🤖 + 🍺 Bots and Beer 0x08 - What AI Should Be... is Just as Complicated as Being Human
The Bots + Beer newsletter ran for about 3 years between 2017-2020 during a time when I was highly involved in chatbot and artificial intelligence development. It was eventually folded into Codepunk as part of the Codepunk newsletter.
Some portions of this newsletter were contributed by Bill Ahern.
What exactly should AI be? Should it be greater than us? Equal to us? Less than us? Artificial intelligence seems to be this catch-all term for an idealized state of human-machine interaction, but what we've developed thus far deals with patterns and processing, and not humanity in any traditional sense. I read a lot of articles on the advancement of artificial intelligence, and I see many articles about how AI should be greater than humans--better memory, better decision-making ability, faster responsiveness. At the same time, we feel the need to prevent AI from making decisions based on certain data sets in the event of bias, or we look for a cooperation between algorithm and human to be the best combination.
Basically, we seem to have this deep-rooted desire for artificial intelligence to be this magical box--some sort of God machine that is both completely human, but also infallible--and we have a tendency to want to layer it with human traits, while also encouraging it to be "better" than us. The conversation almost borders on philosophical.
Think about it. Religious text tells us that humans were made in God's image, and here we are eschewing that relationship, while simultaneously attempting to build artificial intelligence and robotics in our own image. Ironic, huh? It's one of the reasons why I always hated the "computer is like a brain" analogy. That's backwards. We've envisioned and created computer and logic systems to be like the human brain. We're building those things in our own image because it's all we know.
Therein might lie the fallacy. As we move on towards artificial intelligence, we have this creationary desire through inspiration (whether because of religion, folklore, or science fiction) to create something in our image, and we also have this natural bias towards building what we know (or think we know), but we're aware in the back of our heads that it might not be enough. Humanity might not be enough--certainly not enough of an inspiration… and so while we continue to search for those things that make machines more human, we also search for those things that make it less human--less like the worst in humanity.
Maybe it is within that conflict that we'll find the final inspiration to go beyond the imaginary realm of what we think that artificial intelligence should be, and finally get over the hump that takes AI to the next level.
Algorithms that Don't Remember
Everybody is trying to find the key to greater artificial intelligence--that thing that takes us over the aforementioned hump of just algorithms for word frequency and pattern recognition. Fitting and compression are two phases that neural networks go through as they attempt to refine their algorithms. In compression, the neural network eliminates information about data. Some researches believe that this can be manipulated as a way of strategically forgetting information that ultimately strengthens the algorithm as a whole. Will this help? Or is this another situation where we are using a human metaphor ("forgetting") because we have no other context in which to examine this.
The Moral Obligations of Social and Data Companies?

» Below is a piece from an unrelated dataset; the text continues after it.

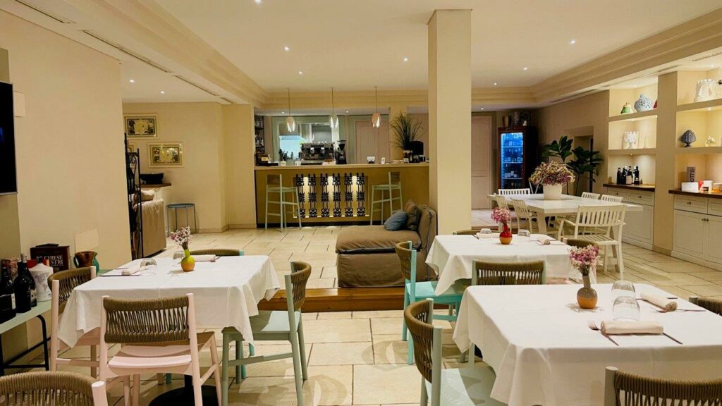Qui si avvale della collaborazione di Irene in sala, e di Emanuele Gorgoni ai dolci, e tutti insieme si occupano del pranzo e della cena; nonché, a beneficio esclusivo degli ospiti residenti, delle prime colazioni al mattino e degli aperitivi al tramonto. Si prende quindi posto nel luminoso e lineare ambiente interno, in alternativa al ridente dehors tra gli alberi, pronti ad assaggiare le creazioni di Luca, che danno l’idea di voler partire in sordina, per acquistare progressivamente vigore, incisività e carattere, senza mai smarrire il senso dell’equilibrio, e con il provvidenziale utilizzo di pochi ingredienti, che contribuisce a rendere riconoscibili i sapori. Dopo una fragrante focaccia da intingere in un olio della zona, si procede con la freschezza mediterranea della pescatrice al vapore con polvere di alghe, lattuga di mare e salsa allo yogurt . Oppure con il crudo di tonno rosso, porro e gelato di carosello (un po’ troppo freddo); e con la carota bruciata, arricchita da una fantastica maionese al sesamo e dalla salsa di aglio nero. Il momento più significativo della degustazione si raggiunge tuttavia con due primi, nei quali l’intensità del gusto si coniuga perfettamente con la magistrale leggerezza dell’esecuzione. Ovvero gli spaghettini (la cottura al dente è sorprendente, malgrado il tipo di formato di pasta) al burro affumicato, limone e bottarga di tonno, e le orecchiette mantecate alle cozze con conserva di pomodoro e cacio. Chapeau! La piccola pasticceria e i dolci tipici alle mandorle concludono la notevole esperienza gastronomica.

Facebook absolutely has a moral component to their business model; if any company doesn't, they should. If Facebook is the first tech company to acknowledge these responsibilities (and they aren't), then they need to lead the charge and set an example. Using machine learning to seek out patterns of abuse and hate is critical. Training this technology, moving forward, to better understand the nuances of human interaction than perhaps even humans can: that's the challenge. Data sets fed to AI are flawed and biased because humans are flawed and biased. However, machines can be trained to recognize their own bias and work beyond that.
I would posit that where humans struggle with objectivity, machines would not. The greatest effort is to condition the machine to understand the difference between negative behavior and the free expression of ideas, and people need to be prepared to witness the machines make mistakes as it undergoes this complex process of learning. While machines will be new to this, humans are not, and we must recognize that we have not been doing such a stellar job ourselves of balancing free speech from abusive behavior. My opinion: Companies like Facebook, Microsoft and Google not only have a responsibility to integrate ethical machine learning into their business model, but a moral imperative to teach the machines that we create to possess an ethical model and, hopefully, implement it better than even humans themselves have.
Bot Emulator/MSBot CLI Tutorial Series
I've been ripping through a bunch of chatbot tutorials now that Microsoft has announced the SDK v4 of the Bot Framework, and its many command line utilities. First up? The new Bot Emulator, and all of the cool stuff you can do with the MSBot CLI.
Evil Twin Big Ass Money Stout
Evil Twin's BIg Ass Money Stout is a 17.2% Imperial Stout. It's absolutely delicious, but there is one key caveat: DO you like shots of whiskey? Because this beer is as close to shots of whiskey as any beer has a right to claim. IT IS STRONG. It's thick like motor oil and has a rich, dark caramel flavor that is outstanding. And it can probably be consumed with a shot glass.